### Dataset records
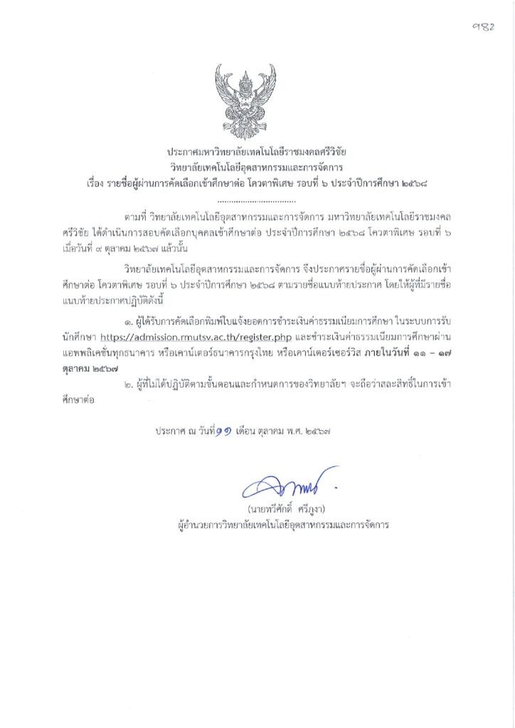 มหาวิทยาลัยและวิทยาเขต วิทยาลัยเทคโนโลยีอุตสาหกรรมและการจัดการ(ขนอม)ประกาศผู้ชนะการเสนอราคาซื้อครุภัณฑ์ชุดปฏิบัติการระบบควบคุมวิศวกรรม จำนวน 1 ชุด ด้วยวิธีประกวดราคาอิเล็กทรอนิกส์ (e-bidding)22 ตุลาคม 202522 ตุลาคม 2025
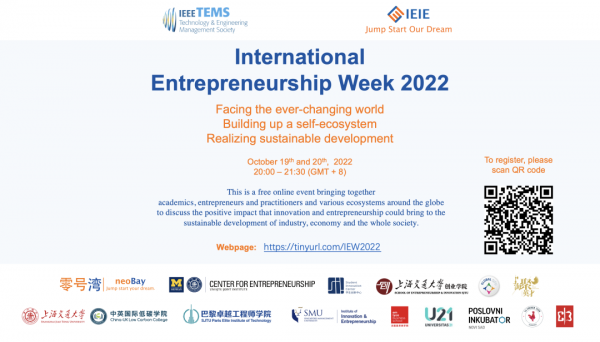 Co-organizers of IEW2022 include Centre for Entrepreneurship (CFE) of JI, neoBay Global Innovation and Entrepreneurship Community, Shanghai Minhang Overseas Talents Entrepreneurship Park, International Ecosystem for Innovation and Entrepreneurship (IEIE), and Technology and Engineering Management Society attached to Institute of Electrical and Electronics Engineers (IEEE TEMS).
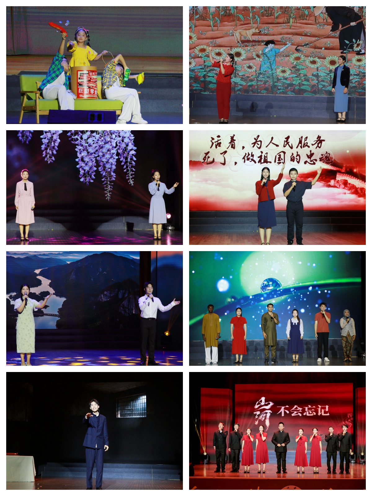 第二篇章“永续的精神”在台州学院附中语之林社团朗诵的《呼兰河传》选段中拉开帷幕,叶子萱、林晨同学的声音中尽显北国风土与人情温度。陈子莹与班后璇同学演绎的《紫藤萝瀑布》,让观众在朗朗诵读声中感受生命的蓬勃与哲思。人文学院校友李之韵、王淇仟带来的《我的南方和北方》,声情并茂,勾勒出祖国山河的壮阔与文化的多元。随后,语之林社团再度登台,顾珞凡、杨辰宇同学以《红岩魂》展现革命先烈的坚定信仰,声声铿锵,震撼人心。林航均等同学与留学生比拉尔等人合作朗诵《青春万岁》,跨越语言与文化,共诵青春的理想与激情。郭逸濠同学演绎的《我用残损的手掌》,深沉而有力,传递出对家国的深挚眷恋。最后,李鑫老师与唐茜蓓等同学共同呈现的《山河不会忘记》,将全场气氛推向高潮。时值中国人民抗日战争暨世界反法西斯战争胜利八十周年,演出以铿锵的语言致敬历史,表达了对英雄的深切缅怀与对和平的珍视。
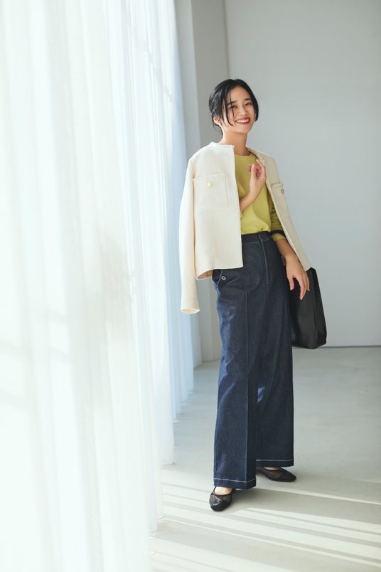 “ダブルジャケット×ワイドパンツでよりスタイリッシュな着こなしに”
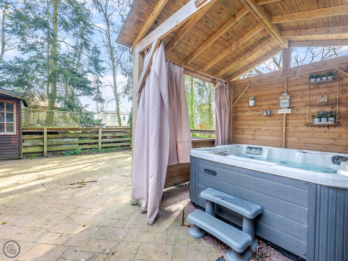 Outside, there's an enclosed garden that's just for you. It's got a hot tub. There's parking for two cars right by the house.

### What is needed
What you should produce is an exact copy of the records, with the pictures left out.

### Output below
 มหาวิทยาลัยและวิทยาเขต วิทยาลัยเทคโนโลยีอุตสาหกรรมและการจัดการ(ขนอม)ประกาศผู้ชนะการเสนอราคาซื้อครุภัณฑ์ชุดปฏิบัติการระบบควบคุมวิศวกรรม จำนวน 1 ชุด ด้วยวิธีประกวดราคาอิเล็กทรอนิกส์ (e-bidding)22 ตุลาคม 202522 ตุลาคม 2025
 Co-organizers of IEW2022 include Centre for Entrepreneurship (CFE) of JI, neoBay Global Innovation and Entrepreneurship Community, Shanghai Minhang Overseas Talents Entrepreneurship Park, International Ecosystem for Innovation and Entrepreneurship (IEIE), and Technology and Engineering Management Society attached to Institute of Electrical and Electronics Engineers (IEEE TEMS).
 第二篇章“永续的精神”在台州学院附中语之林社团朗诵的《呼兰河传》选段中拉开帷幕,叶子萱、林晨同学的声音中尽显北国风土与人情温度。陈子莹与班后璇同学演绎的《紫藤萝瀑布》,让观众在朗朗诵读声中感受生命的蓬勃与哲思。人文学院校友李之韵、王淇仟带来的《我的南方和北方》,声情并茂,勾勒出祖国山河的壮阔与文化的多元。随后,语之林社团再度登台,顾珞凡、杨辰宇同学以《红岩魂》展现革命先烈的坚定信仰,声声铿锵,震撼人心。林航均等同学与留学生比拉尔等人合作朗诵《青春万岁》,跨越语言与文化,共诵青春的理想与激情。郭逸濠同学演绎的《我用残损的手掌》,深沉而有力,传递出对家国的深挚眷恋。最后,李鑫老师与唐茜蓓等同学共同呈现的《山河不会忘记》,将全场气氛推向高潮。时值中国人民抗日战争暨世界反法西斯战争胜利八十周年,演出以铿锵的语言致敬历史,表达了对英雄的深切缅怀与对和平的珍视。
 “ダブルジャケット×ワイドパンツでよりスタイリッシュな着こなしに”
 Outside, there's an enclosed garden that's just for you. It's got a hot tub. There's parking for two cars right by the house.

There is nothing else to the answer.